Lactate dehydrogenase was isolated from the extreme thermophilic eubacterium Thermotoga maritima. The enzyme is stereospecific for L(+)-lactate. It represents a homotetramer of 144 kDa molecular mass, with a sedimentation coefficient of s20,w approximately 7 S. Under physiological temperature conditions, the enzyme shows high catalytic efficiency with a broad pH optimum at pH 7.0 +/- 1.0, and long-term stability up to 80 degrees C. The coenzyme, NAD+, and the effector fructose 1,6-bisphosphate [Fru(1,6)P2] increase the thermal stability: at 90 degrees C (pH 6.0), the liganded enzyme exhibits a half-life of thermal inactivation of 150 min.

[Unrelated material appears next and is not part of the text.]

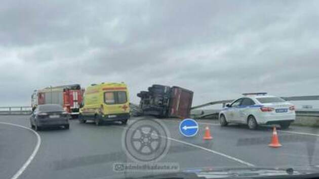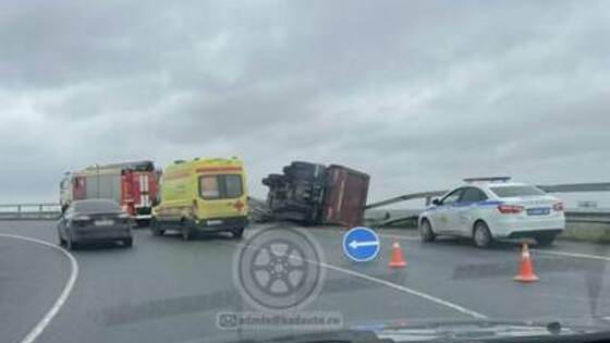ДТП произошло на развороте над Приморским кольцом в сторону Орловки в пятницу, 11 ноября. Калининградка Кристина ехала следом за грузовиком. Поблизости не было других машин. По словам собеседницы «Клопс», фура ехала с допустимой в том месте скоростью, как вдруг на повороте большегруз повело в сторону и он упал.

The enhanced rigidity of the enzyme at ambient temperature is reflected by an anomalously high stability toward guanidine denaturation: the midpoint of the equilibrium transition being 1.6 M guanidine hydrochloride. Under optimum conditions of the enzyme assay, the Michaelis constants (Km) for NADH, NAD+, pyruvate and L(+)-lactate at 55 degrees C, and in the absence of Fru(1,6)P2, are 0.03 mM, 0.09 mM, 3.7 mM and 410 mM, respectively; Fru(1,6)P2 as a positive effector shifts the Km values for pyruvate and L(+)-lactate to 0.06 mM and 25 mM, respectively. The Km values for the coenzyme are not affected. Neither Mn2+ nor other divalent cations have any activating effect. In contrast to lactate dehydrogenases from eukaryotes, the N-terminus of the enzyme from Th. maritima is not acetylated. Comparison of the 30 N-terminal amino acid residues with lactate dehydrogenase from Thermus aquaticus shows a high degree of similarity. This also holds if the two lactate dehydrogenases are compared with the glyceraldehyde-3-phosphate dehydrogenases from the same organisms.